(Extracted data entries)
▼

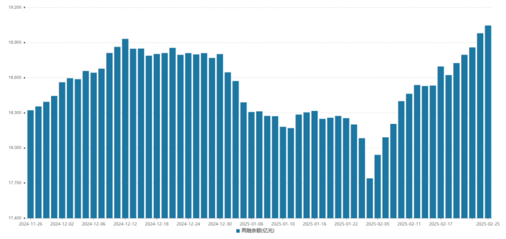 截至今年2月25日,A股市場兩融餘額則已站上1.9萬億元關口,且已連續5個交易日增加。其中,作為市場多方主力之一的融資餘額規模創下近2個月新高,達到18931.61億元。在兩融餘額連升期間,超七成行業融資餘額出現增長。
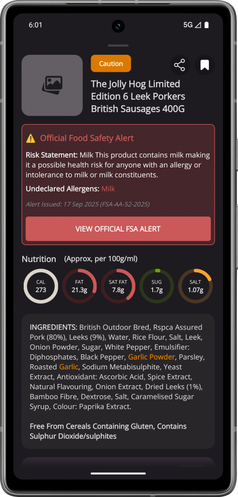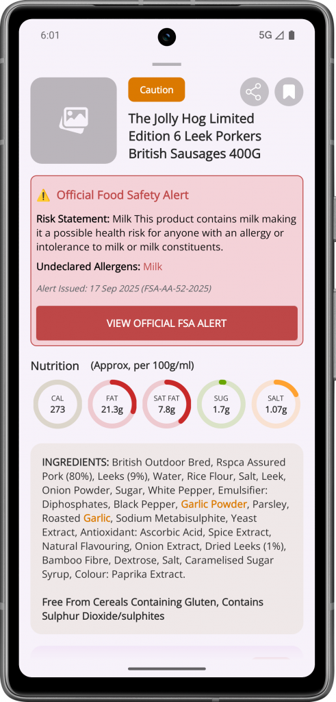 - On-Page Alerts: Any product in our database that is subject to an active FSA allergy alert will be clearly marked with an official warning, just like the one above. You’ll see the risk statement, the specific undeclared allergen, and a direct link to the official FSA announcement.
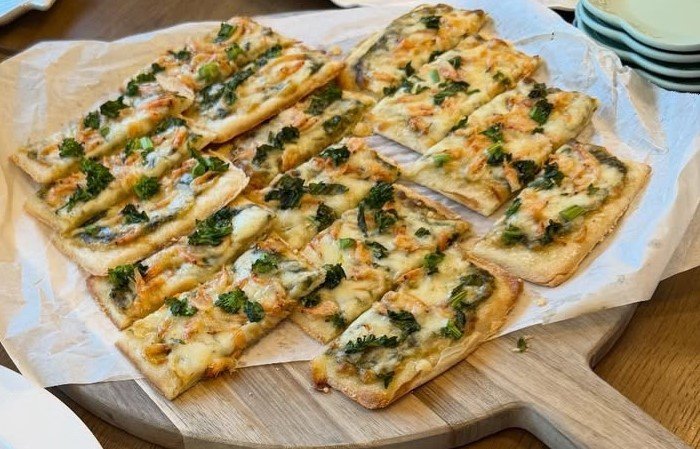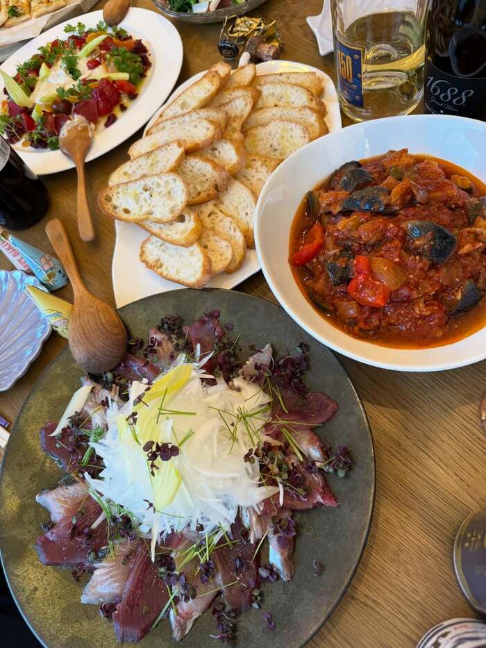 こんがりと焼き目が付いたエビや野菜などが乗ったピザのようなものや・・・
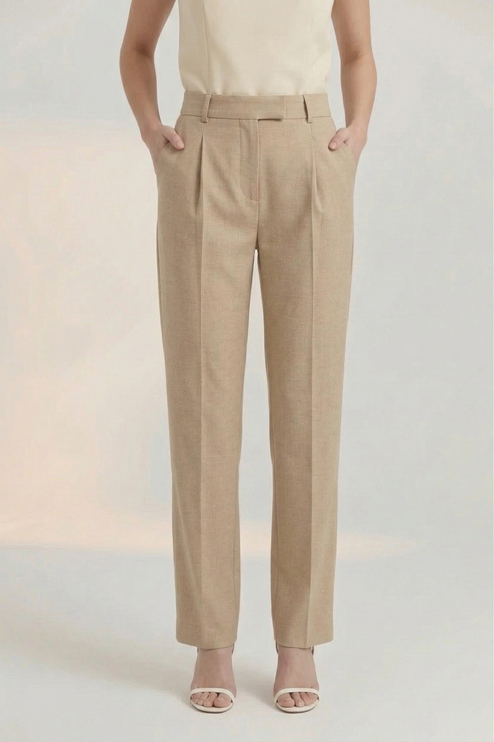 These wide-leg, high-waisted banana crepe trousers feature front pleats with a concealed button and hook-and-bar fastener, diagonal side pockets, welt back pockets, and a relaxed, airy fit—perfect for warm-weather dressing. Style them with a tank top for a casual look, a blouse for something more polished, or a matching blazer for a minimalist vibe. Ideal for brunch, beach getaways, summer office days, or relaxed social outings.
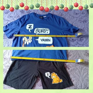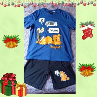 Conjunto de pijama de Garfield. Para un adolescente de 13-14 años que mida 158-162 - Camiseta azul con estampado de Garfield. - Pantalón corto negro con estampado de Garfield.
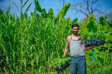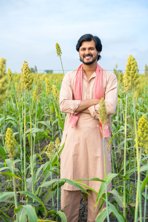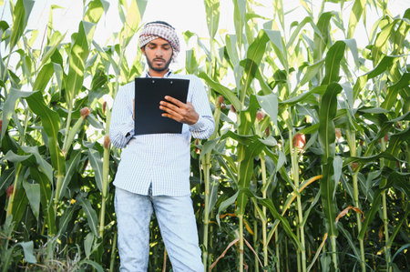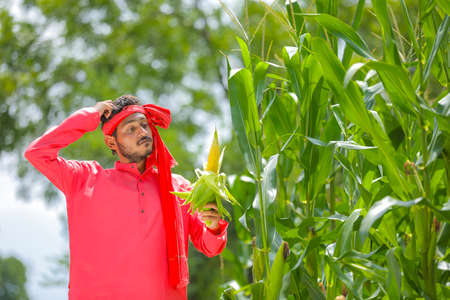young indian farmer or agronomist at corn field. The concept of agriculture

▲

== Aim of the exercise ==
Because the copy must hold no pictures, return only the lines that run from the line containing "- On-Page Alerts: Any" to the end of the data above, each exactly as it stands.

== Exercise result ==
 - On-Page Alerts: Any product in our database that is subject to an active FSA allergy alert will be clearly marked with an official warning, just like the one above. You’ll see the risk statement, the specific undeclared allergen, and a direct link to the official FSA announcement.
 こんがりと焼き目が付いたエビや野菜などが乗ったピザのようなものや・・・
 These wide-leg, high-waisted banana crepe trousers feature front pleats with a concealed button and hook-and-bar fastener, diagonal side pockets, welt back pockets, and a relaxed, airy fit—perfect for warm-weather dressing. Style them with a tank top for a casual look, a blouse for something more polished, or a matching blazer for a minimalist vibe. Ideal for brunch, beach getaways, summer office days, or relaxed social outings.
 Conjunto de pijama de Garfield. Para un adolescente de 13-14 años que mida 158-162 - Camiseta azul con estampado de Garfield. - Pantalón corto negro con estampado de Garfield.
young indian farmer or agronomist at corn field. The concept of agriculture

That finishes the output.